Good Work in AfricaBy
Continuing to deliver on its Address for Everyone campaign, the UPU announced today that Addressing Specialist Patricia Vivas recently conducted a workshop for five English speaking African nations to begin the process of developing address systems. The five countries in question were Gambia, Ghana, Liberia, Nigeria, and Sierra Leone. In some of these countries, such as Nigeria, there exist systems already.
The press release underscores the need for standardized and reliable addressing and outlined some of the work that was conducted. The program as described concentrates on helping postal operators become more efficient in processing and delivering mail, collecting taxes, paying out benefits and processing fund transfers.
Notes the UPU, “With proper addressing, citizenship becomes that much more meaningful: being able to locate people geographically makes it easier to send election ballots, issue ID, provide access to regular administrative services, and send bills.”
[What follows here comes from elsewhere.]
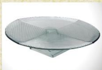
UD2664L Mod. Big Frisado c/ ped. pirâmide Prato grande para bolo, tortas, canapés, frios, aperitivos, carnes e outros 390mm (diam.) x 85mm (alt.)

All of this is undoubtedly true, and we fully support the UPU in its work. But, we also believe there is another element that should be included in this work and in these programs. That element is provision for making the address databases available to government agencies and businesses on reasonable terms so that the data within these databases may be put to an even wider economic and social use. For example, in a mobile society, which most countries in Africa are, it is important for businesses and government institutions to know where citizens and consumers have moved their residences. Consequently, address data and change of address data should be made available to the business community so that all relevant institutions, public and private, have current and accurate addresses and may reach those citizens.
In short, any complete system of addressing would include provision for licensing address and change of address data to private industry and for engaging the private sector in developing products and services around the address in order to more widely disperse this critical infrastructure element. The Global Address Data Association will continue to advocate this position in the years ahead.